Как бравых пожарников сон сморил
Миллиард лет тому назад в бразильских джунглях, где очень часто случались пожары (в конце концов, разве джунгли не огромный дровяной склад?), была создана пожарная команда. Брандмейстером поставили некоего Ле Нивца, а рядовыми пожарниками назначили всяких там Сур Ков, Бар Суков, Кро Тов, Хо Мяков и прочих животных, известных своей неповоротливостью и не дураков поспать. Вы только не спрашивайте у меня, почему именно их назначили пожарниками, а не подобрали команду из множества других, куда более прытких и шустрых животных; признаться честно, я и сам этого не знаю. Миллиард лет — довольно приличный отрезок времени: кто может сказать с уверенностью, как именно обстояли дела в тот период?
Так вот. Однажды вечером Ле Нивец, бывший, как мы уже сказали, брандмейстером, собрался хорошенько соснуть. Он, бедняжка, проспал в тот день всего двадцать часов, и у него просто глаза слипались. Тут нужно заметить, что у Ле Нивца была весьма необычная, прямо-таки чудная манера отходить ко сну: уцепившись когтями всех четырех лап за какую-нибудь ветку поближе к вершине дерева, он так и засыпал, болтаясь на ней спиной вниз, брюхом кверху. В таком положении Ле Нивец спал обычно по двадцать три часа в сутки. Без перерыва. А единственный час, когда Ле Нивец не спал, он ел, обрывая цветы и листья с дерева, служившего ему постелью.

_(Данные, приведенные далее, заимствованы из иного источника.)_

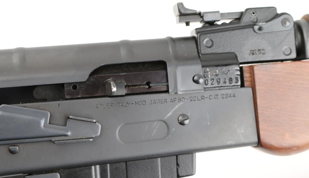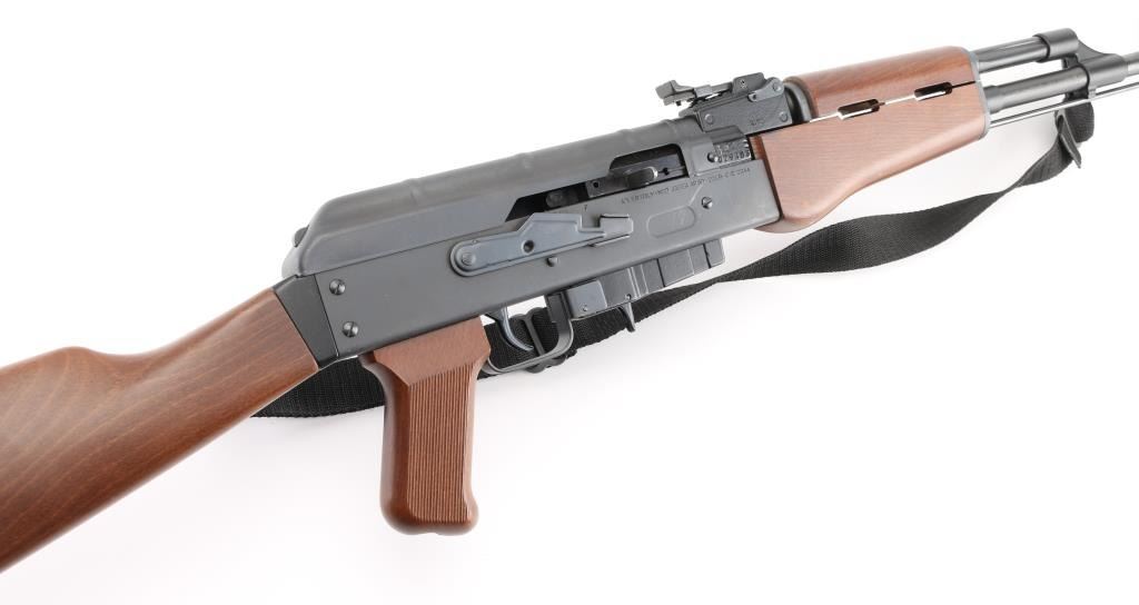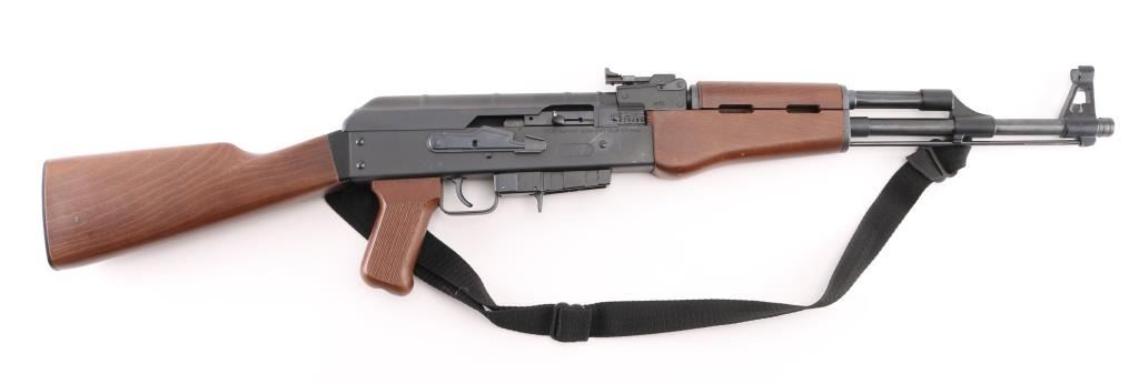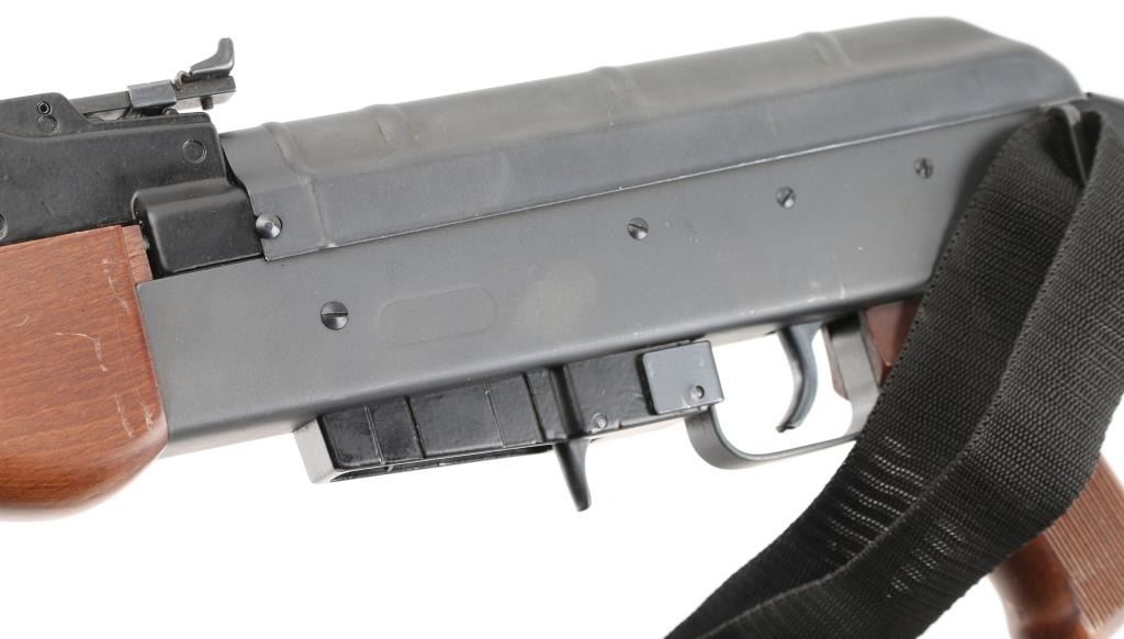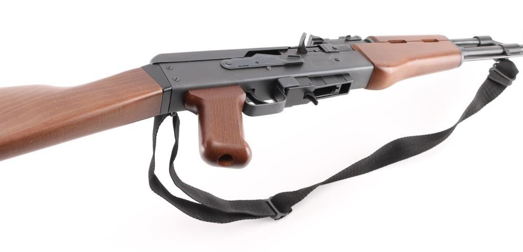 SN:029486, Semi-auto Italian made copy of an AK47 rifle chambered in .22LR. Blued finish, wood stock, vertical pistol grip, forearm and hand guard, 18" barrel. Comes with black nylon sling. No Magazine. Condition is NRA Excellent. Modern Firearm.

Правда, при этом ему нередко так хотелось спать, что он погружался в дрему, даже не дожевав оставшуюся во рту зелень.
Почему в эту ночь Ле Нивец спал меньше обычного? Потому что его команду вызывали тушить пожар. Кто-то громко окликнул его — правда, один только раз, — потом наступила тишина. Ле Нивец подумал сначала, что его подвел слух. Он подождал целых три часа — вдруг кто-нибудь крикнет опять, — но никто больше его не звал. Наконец Ле Нивец решил, что над ним подшутили (даже в бразильских джунглях водятся бездельники, устраивающие ложные вызовы пожарных — без всякой причины, просто чтобы полюбоваться, как те несутся на вызов), и принял свою излюбленную позу: повис кверху лапами и вниз головой. Вдруг дерево, на котором он висел, стало раскачиваться, как от землетрясения, и кто-то гулким, как из бочки, голосом позвал:
— Ле Нивец! Ле Нивец!
Ле Нивец по голосу узнал Бари Бала — довольно крупного медведя, выполнявшего в джунглях весьма ответственную роль вестового пожарной команды, то есть, по существу, функции нашего номера «01».
Бари Бал был типом, мягко говоря, флегматичным: примерно в октябре он впадал в спячку и просыпался только к апрелю, что, естественно, не могло не сказываться отрицательно на его деятельности. Тут опять сам собой напрашивается вопрос: зачем поручать дело, требующее особой быстроты реакции и находчивости, типу, который крепко спит целых полгода? Пожалуй, придется мне ответить, как и в первый раз: дело-то было миллиард лет назад, поди узнай теперь — зачем.